La batalla por Panamá

LOS ESPAÑOLES HABÍAN CAVADO TRINCHERAS y emplazado artillería en varios puntos del Camino Real, que era la ruta más directa a Panamá; pero como los guías ya habían llamado la atención de Morgan, sus hombres, según estaba previsto, atravesaron el bosque por los Altos de Toledo hasta situarse frente a la llanura de Matasnillo.

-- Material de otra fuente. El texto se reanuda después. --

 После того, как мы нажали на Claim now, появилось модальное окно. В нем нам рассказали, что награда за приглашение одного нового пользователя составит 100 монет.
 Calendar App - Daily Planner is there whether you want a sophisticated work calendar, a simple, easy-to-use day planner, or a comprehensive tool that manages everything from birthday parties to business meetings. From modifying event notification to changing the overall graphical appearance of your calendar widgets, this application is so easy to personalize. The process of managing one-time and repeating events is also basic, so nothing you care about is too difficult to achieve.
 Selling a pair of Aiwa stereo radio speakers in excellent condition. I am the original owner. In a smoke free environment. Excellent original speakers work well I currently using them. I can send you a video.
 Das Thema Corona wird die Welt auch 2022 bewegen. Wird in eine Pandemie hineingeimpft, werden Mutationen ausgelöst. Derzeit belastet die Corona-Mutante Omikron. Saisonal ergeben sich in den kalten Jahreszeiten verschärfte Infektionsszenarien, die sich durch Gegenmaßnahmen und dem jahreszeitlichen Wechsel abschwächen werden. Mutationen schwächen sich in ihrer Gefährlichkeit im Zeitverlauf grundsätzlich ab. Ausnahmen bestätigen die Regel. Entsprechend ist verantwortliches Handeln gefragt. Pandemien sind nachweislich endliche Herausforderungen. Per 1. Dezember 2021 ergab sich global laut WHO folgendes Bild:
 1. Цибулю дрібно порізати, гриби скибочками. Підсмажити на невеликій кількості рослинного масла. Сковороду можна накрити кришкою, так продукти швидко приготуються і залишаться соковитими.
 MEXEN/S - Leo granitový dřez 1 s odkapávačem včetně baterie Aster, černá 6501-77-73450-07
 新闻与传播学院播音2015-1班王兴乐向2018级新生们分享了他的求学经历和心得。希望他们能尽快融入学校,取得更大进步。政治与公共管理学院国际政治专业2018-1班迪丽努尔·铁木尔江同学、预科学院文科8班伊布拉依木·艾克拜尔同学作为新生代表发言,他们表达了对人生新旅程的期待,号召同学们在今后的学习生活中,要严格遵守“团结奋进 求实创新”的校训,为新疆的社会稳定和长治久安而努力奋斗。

Morgan y los suyos tomaron posiciones en un cerro y desde allí, finalmente, tuvieron a la vista al ejército español, que con gran disgusto había abandonado sus defensas para ir al encuentro del enemigo.

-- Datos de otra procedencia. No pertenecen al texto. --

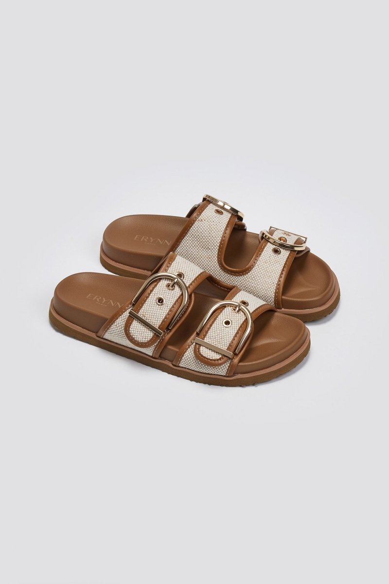 Σανδάλια με φαρδιές υφασμάτινες φάσες ERYNN. Προσαρμόζονται με τοκάδες. Comfort ανατομικός πάτος.
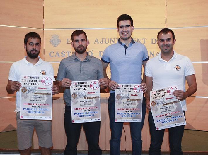 El trinquete municipal de Castelló acoge este sábado la segunda seminifinal del VII Trofeu Diputació que enfrenta a algunos de los mejores pilotaris de la Comunitat Valenciana. La primera partida, en categoría juvenil, enfrenta a Kevin y Sergio a partir de las 17.00 en las instalaciones del complejo deportivo Sindical y, a continuación, jugarán por un puesto en la final Soro III y Jesús (campeones del circuito Bancaja en 2013) contra Pablo II, Félix, uno de los mejores mitjers, y Héctor II, un punter de Massamagrell que también ha logrado algún trofeo Bancaixa. Kevin, en categoría juvenil, y Pablo II son los dos representantes de la provincia en esta segunda semifinal.
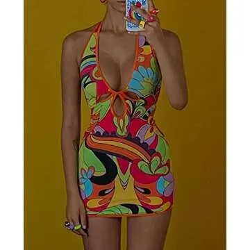 Tie-Dyed Straps Halter Dresses for Women Backless Bodycon Mini Skirts Vintage Y2K Fashion Clubwear Streetwear (Abstract Pattern Multicolor, Small)
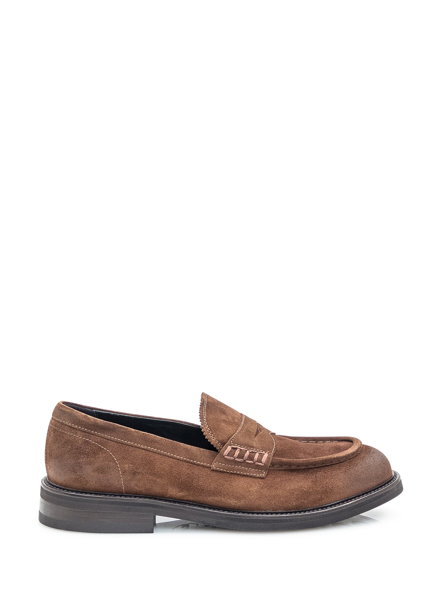 Duca Nero brown suede loafers with penny strap and visible stitching. Leather sole with rubber insert for added durability and comfort.
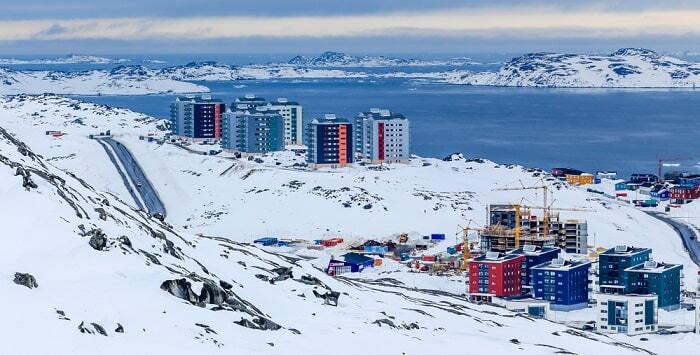 格陵兰的地理特征以其广阔的冰盖、崎岖的海岸线、多样化的野生动物和丰富的矿产资源为特点。这个丹麦领地比德克萨斯州大三倍多。格陵兰最近的邻国是加拿大的埃尔斯米尔岛,位于其北部26公里(或16英里)处。该国最近的欧洲邻国冰岛位于其东南约321公里(约200英里)处。由于格陵兰的三分之二位于北极圈内,所以该国全年气温寒冷。格陵兰人在冬季面临几乎完全黑暗,气温降至零下30°F(约零下34°C),而在夏季则有24小时的阳光,气温仅达到约40°F(约4°C)。
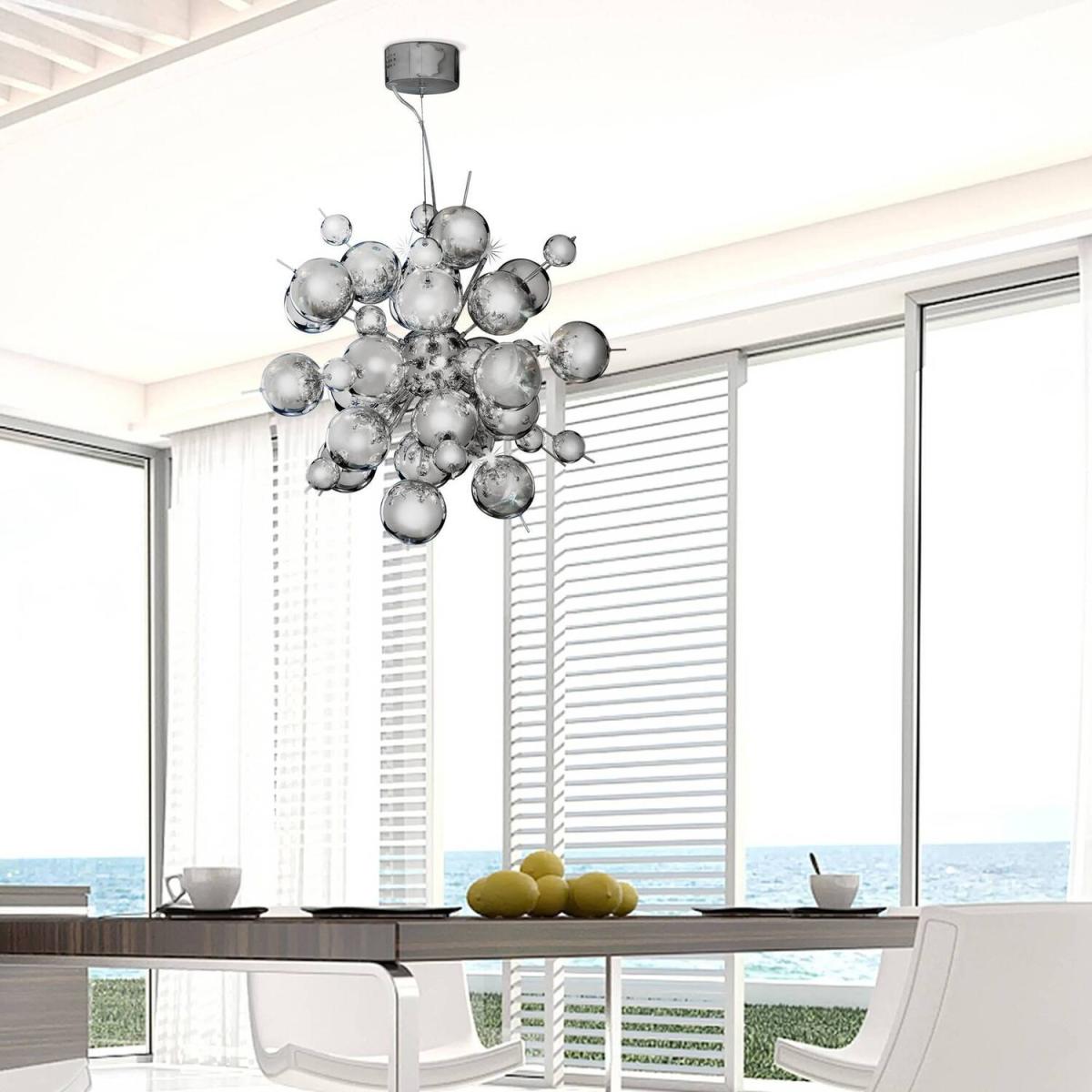 The Molecule pendant is a fitting which will add class and style to any room. The chrome finish adds a shine, allowing the light to reflect throughout the room. The chrome balls give the fitting a modern feel which will match any colour scheme. Be it kitchen, or modern living or dining room, the molecule chrome pendant is a positive addition to its surroundings, while proving to be a great light source.
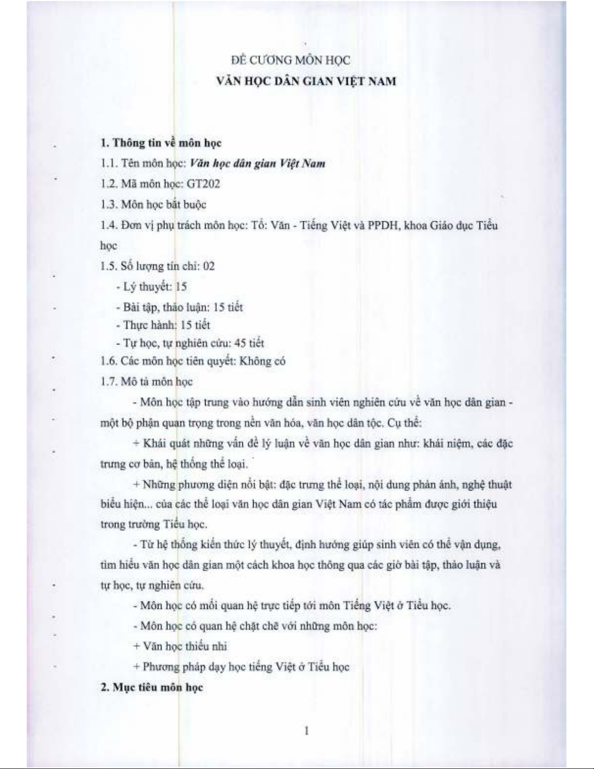 Đề cương trình bày khái quát, giới thiệu môn học, các mục tiêu, nội dung môn học cho các bạn dễ dàng theo dõi và nắm sơ lược về môn học Văn học dân gian Việt Nam. Mời các bạn cùng tham khảo đề cương để nắm rõ chi tiết nội dung.
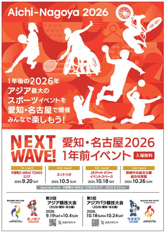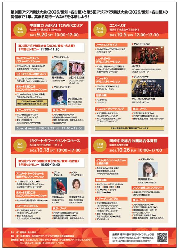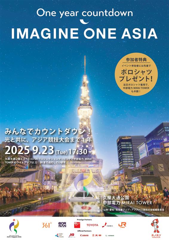公益財団法人愛知・名古屋アジア・アジアパラ競技大会組織委員会では、2026年に愛知・名古屋で開催する第20回アジア競技大会・第5回アジアパラ競技大会の開催1年前を迎えるにあたり、開催都市と連携して、1年前イベントを開催します。5つの取組のうち、特に、9/23(火・祝)は、アジア競技大会に出場する各国の選手団団長にも参加していただき、開催都市と一体的にカウントダウンイベントや伝統芸能の演奏などを通じて、大会の広報・PRを行います。参加は無料です。皆様の御来場をお待ちしています!

Los soldados, dispuestos en tres regimientos de infantería y un cuerpo de caballería, triplicaban a los filibusteros en número. Más de dos mil hombres se fueron apostando en la llanura, frente al cerro que ocupaban los Hermanos de la Costa y el resto de los piratas. Sus uniformes deslumbraban.

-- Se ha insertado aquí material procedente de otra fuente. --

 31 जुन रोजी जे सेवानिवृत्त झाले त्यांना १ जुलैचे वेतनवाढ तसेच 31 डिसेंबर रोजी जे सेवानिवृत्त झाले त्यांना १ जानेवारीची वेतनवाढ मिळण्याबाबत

—Por Júpiter, ¿y Exquemelin? ¿Has tomado disposiciones para que esté al resguardo? —preguntó Morgan a Lefthand mirando por su catalejo.

—Es nuestro mejor médico, Henry. Un hombre se queda con él —repuso el español que había tratado de aliviar en lo posible los padecimientos del padre de Elena.

Los bucaneros bajaron del cerro y formaron en tres batallones. Por delante, una tropa escogida de doscientos tiradores se situó ordenadamente en dos líneas con la misión de hacer fuego ininterrumpido. Lefthand había camuflado a Mateu, el capellán, entre el grueso del ejército, con el fin de que Morgan no reparase en él y lo mandase delante. La planicie era desigual y estaba embarrada, algo de lo que ya habían advertido los guías a Morgan, que permanecía a retaguardia, flanqueado por sus comandantes.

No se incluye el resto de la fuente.